Data excerpts:
◆ ◆ ◆ ◆ ◆ ◆ ◆

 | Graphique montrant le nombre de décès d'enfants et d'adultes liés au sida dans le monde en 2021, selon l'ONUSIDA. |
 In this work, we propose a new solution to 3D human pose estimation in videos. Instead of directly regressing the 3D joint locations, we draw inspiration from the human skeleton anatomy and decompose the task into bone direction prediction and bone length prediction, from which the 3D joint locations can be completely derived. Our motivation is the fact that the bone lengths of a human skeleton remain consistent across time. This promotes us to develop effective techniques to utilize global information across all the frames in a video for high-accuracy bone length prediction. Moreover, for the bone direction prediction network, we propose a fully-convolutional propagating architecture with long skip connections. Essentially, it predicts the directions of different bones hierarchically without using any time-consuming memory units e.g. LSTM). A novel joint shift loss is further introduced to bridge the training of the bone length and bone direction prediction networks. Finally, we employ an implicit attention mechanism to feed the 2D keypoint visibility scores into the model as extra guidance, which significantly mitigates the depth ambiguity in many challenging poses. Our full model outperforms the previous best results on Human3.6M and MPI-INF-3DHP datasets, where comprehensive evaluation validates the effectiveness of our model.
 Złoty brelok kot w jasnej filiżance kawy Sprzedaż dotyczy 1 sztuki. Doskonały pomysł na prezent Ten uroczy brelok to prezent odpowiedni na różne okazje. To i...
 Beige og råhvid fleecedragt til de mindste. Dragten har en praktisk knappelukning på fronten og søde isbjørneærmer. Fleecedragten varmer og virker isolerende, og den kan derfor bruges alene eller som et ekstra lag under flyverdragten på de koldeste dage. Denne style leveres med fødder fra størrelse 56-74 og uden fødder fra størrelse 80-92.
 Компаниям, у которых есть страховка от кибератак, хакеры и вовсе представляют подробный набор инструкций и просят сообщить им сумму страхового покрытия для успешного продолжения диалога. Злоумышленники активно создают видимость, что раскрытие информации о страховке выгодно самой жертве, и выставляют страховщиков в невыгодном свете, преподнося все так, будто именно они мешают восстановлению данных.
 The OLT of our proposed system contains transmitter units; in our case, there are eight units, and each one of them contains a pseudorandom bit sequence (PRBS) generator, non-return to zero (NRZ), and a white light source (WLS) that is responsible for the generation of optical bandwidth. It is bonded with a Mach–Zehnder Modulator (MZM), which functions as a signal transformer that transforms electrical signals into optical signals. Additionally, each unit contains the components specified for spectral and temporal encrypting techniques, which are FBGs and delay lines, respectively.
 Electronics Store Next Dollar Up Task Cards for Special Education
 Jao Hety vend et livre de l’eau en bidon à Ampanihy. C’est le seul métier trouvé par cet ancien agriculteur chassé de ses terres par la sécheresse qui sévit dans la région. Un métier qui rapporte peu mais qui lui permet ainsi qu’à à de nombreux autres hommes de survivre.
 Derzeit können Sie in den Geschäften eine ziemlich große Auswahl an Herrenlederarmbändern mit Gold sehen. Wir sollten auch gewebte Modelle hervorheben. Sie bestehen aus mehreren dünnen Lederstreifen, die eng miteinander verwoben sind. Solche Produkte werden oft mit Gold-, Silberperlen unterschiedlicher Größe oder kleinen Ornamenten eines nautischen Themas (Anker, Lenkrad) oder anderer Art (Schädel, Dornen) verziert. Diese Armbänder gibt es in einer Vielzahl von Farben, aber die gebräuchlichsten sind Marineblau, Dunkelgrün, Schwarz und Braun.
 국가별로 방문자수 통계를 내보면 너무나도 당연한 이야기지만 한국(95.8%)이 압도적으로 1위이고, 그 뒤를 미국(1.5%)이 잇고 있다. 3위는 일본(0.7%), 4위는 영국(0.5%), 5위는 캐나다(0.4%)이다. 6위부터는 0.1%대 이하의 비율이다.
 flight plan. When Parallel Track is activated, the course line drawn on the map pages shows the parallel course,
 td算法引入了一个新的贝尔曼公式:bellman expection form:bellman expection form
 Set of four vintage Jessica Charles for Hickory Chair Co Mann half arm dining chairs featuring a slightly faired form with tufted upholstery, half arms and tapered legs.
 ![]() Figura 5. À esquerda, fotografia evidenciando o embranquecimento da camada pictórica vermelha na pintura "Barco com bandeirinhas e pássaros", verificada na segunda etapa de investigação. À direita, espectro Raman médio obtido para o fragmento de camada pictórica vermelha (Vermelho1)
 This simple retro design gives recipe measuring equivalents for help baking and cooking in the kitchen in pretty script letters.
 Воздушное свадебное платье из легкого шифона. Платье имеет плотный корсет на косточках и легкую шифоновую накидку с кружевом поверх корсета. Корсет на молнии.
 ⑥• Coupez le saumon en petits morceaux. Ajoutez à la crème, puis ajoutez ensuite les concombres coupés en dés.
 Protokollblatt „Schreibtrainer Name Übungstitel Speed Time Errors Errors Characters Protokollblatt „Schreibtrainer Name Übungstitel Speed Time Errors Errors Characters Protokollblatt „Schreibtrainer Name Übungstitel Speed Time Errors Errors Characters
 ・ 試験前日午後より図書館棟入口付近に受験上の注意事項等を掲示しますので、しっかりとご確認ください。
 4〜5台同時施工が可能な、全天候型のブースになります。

◆ ◆ ◆ ◆ ◆ ◆ ◆

§ **Action item**:
Keeping every word and mark as it is, print the entries above.

§ **Result of this task**:
 | Graphique montrant le nombre de décès d'enfants et d'adultes liés au sida dans le monde en 2021, selon l'ONUSIDA. |
 In this work, we propose a new solution to 3D human pose estimation in videos. Instead of directly regressing the 3D joint locations, we draw inspiration from the human skeleton anatomy and decompose the task into bone direction prediction and bone length prediction, from which the 3D joint locations can be completely derived. Our motivation is the fact that the bone lengths of a human skeleton remain consistent across time. This promotes us to develop effective techniques to utilize global information across all the frames in a video for high-accuracy bone length prediction. Moreover, for the bone direction prediction network, we propose a fully-convolutional propagating architecture with long skip connections. Essentially, it predicts the directions of different bones hierarchically without using any time-consuming memory units e.g. LSTM). A novel joint shift loss is further introduced to bridge the training of the bone length and bone direction prediction networks. Finally, we employ an implicit attention mechanism to feed the 2D keypoint visibility scores into the model as extra guidance, which significantly mitigates the depth ambiguity in many challenging poses. Our full model outperforms the previous best results on Human3.6M and MPI-INF-3DHP datasets, where comprehensive evaluation validates the effectiveness of our model.
 Złoty brelok kot w jasnej filiżance kawy Sprzedaż dotyczy 1 sztuki. Doskonały pomysł na prezent Ten uroczy brelok to prezent odpowiedni na różne okazje. To i...
 Beige og råhvid fleecedragt til de mindste. Dragten har en praktisk knappelukning på fronten og søde isbjørneærmer. Fleecedragten varmer og virker isolerende, og den kan derfor bruges alene eller som et ekstra lag under flyverdragten på de koldeste dage. Denne style leveres med fødder fra størrelse 56-74 og uden fødder fra størrelse 80-92.
 Компаниям, у которых есть страховка от кибератак, хакеры и вовсе представляют подробный набор инструкций и просят сообщить им сумму страхового покрытия для успешного продолжения диалога. Злоумышленники активно создают видимость, что раскрытие информации о страховке выгодно самой жертве, и выставляют страховщиков в невыгодном свете, преподнося все так, будто именно они мешают восстановлению данных.
 The OLT of our proposed system contains transmitter units; in our case, there are eight units, and each one of them contains a pseudorandom bit sequence (PRBS) generator, non-return to zero (NRZ), and a white light source (WLS) that is responsible for the generation of optical bandwidth. It is bonded with a Mach–Zehnder Modulator (MZM), which functions as a signal transformer that transforms electrical signals into optical signals. Additionally, each unit contains the components specified for spectral and temporal encrypting techniques, which are FBGs and delay lines, respectively.
 Electronics Store Next Dollar Up Task Cards for Special Education
 Jao Hety vend et livre de l’eau en bidon à Ampanihy. C’est le seul métier trouvé par cet ancien agriculteur chassé de ses terres par la sécheresse qui sévit dans la région. Un métier qui rapporte peu mais qui lui permet ainsi qu’à à de nombreux autres hommes de survivre.
 Derzeit können Sie in den Geschäften eine ziemlich große Auswahl an Herrenlederarmbändern mit Gold sehen. Wir sollten auch gewebte Modelle hervorheben. Sie bestehen aus mehreren dünnen Lederstreifen, die eng miteinander verwoben sind. Solche Produkte werden oft mit Gold-, Silberperlen unterschiedlicher Größe oder kleinen Ornamenten eines nautischen Themas (Anker, Lenkrad) oder anderer Art (Schädel, Dornen) verziert. Diese Armbänder gibt es in einer Vielzahl von Farben, aber die gebräuchlichsten sind Marineblau, Dunkelgrün, Schwarz und Braun.
 국가별로 방문자수 통계를 내보면 너무나도 당연한 이야기지만 한국(95.8%)이 압도적으로 1위이고, 그 뒤를 미국(1.5%)이 잇고 있다. 3위는 일본(0.7%), 4위는 영국(0.5%), 5위는 캐나다(0.4%)이다. 6위부터는 0.1%대 이하의 비율이다.
 flight plan. When Parallel Track is activated, the course line drawn on the map pages shows the parallel course,
 td算法引入了一个新的贝尔曼公式:bellman expection form:bellman expection form
 Set of four vintage Jessica Charles for Hickory Chair Co Mann half arm dining chairs featuring a slightly faired form with tufted upholstery, half arms and tapered legs.
 ![]() Figura 5. À esquerda, fotografia evidenciando o embranquecimento da camada pictórica vermelha na pintura "Barco com bandeirinhas e pássaros", verificada na segunda etapa de investigação. À direita, espectro Raman médio obtido para o fragmento de camada pictórica vermelha (Vermelho1)
 This simple retro design gives recipe measuring equivalents for help baking and cooking in the kitchen in pretty script letters.
 Воздушное свадебное платье из легкого шифона. Платье имеет плотный корсет на косточках и легкую шифоновую накидку с кружевом поверх корсета. Корсет на молнии.
 ⑥• Coupez le saumon en petits morceaux. Ajoutez à la crème, puis ajoutez ensuite les concombres coupés en dés.
 Protokollblatt „Schreibtrainer Name Übungstitel Speed Time Errors Errors Characters Protokollblatt „Schreibtrainer Name Übungstitel Speed Time Errors Errors Characters Protokollblatt „Schreibtrainer Name Übungstitel Speed Time Errors Errors Characters
 ・ 試験前日午後より図書館棟入口付近に受験上の注意事項等を掲示しますので、しっかりとご確認ください。
 4〜5台同時施工が可能な、全天候型のブースになります。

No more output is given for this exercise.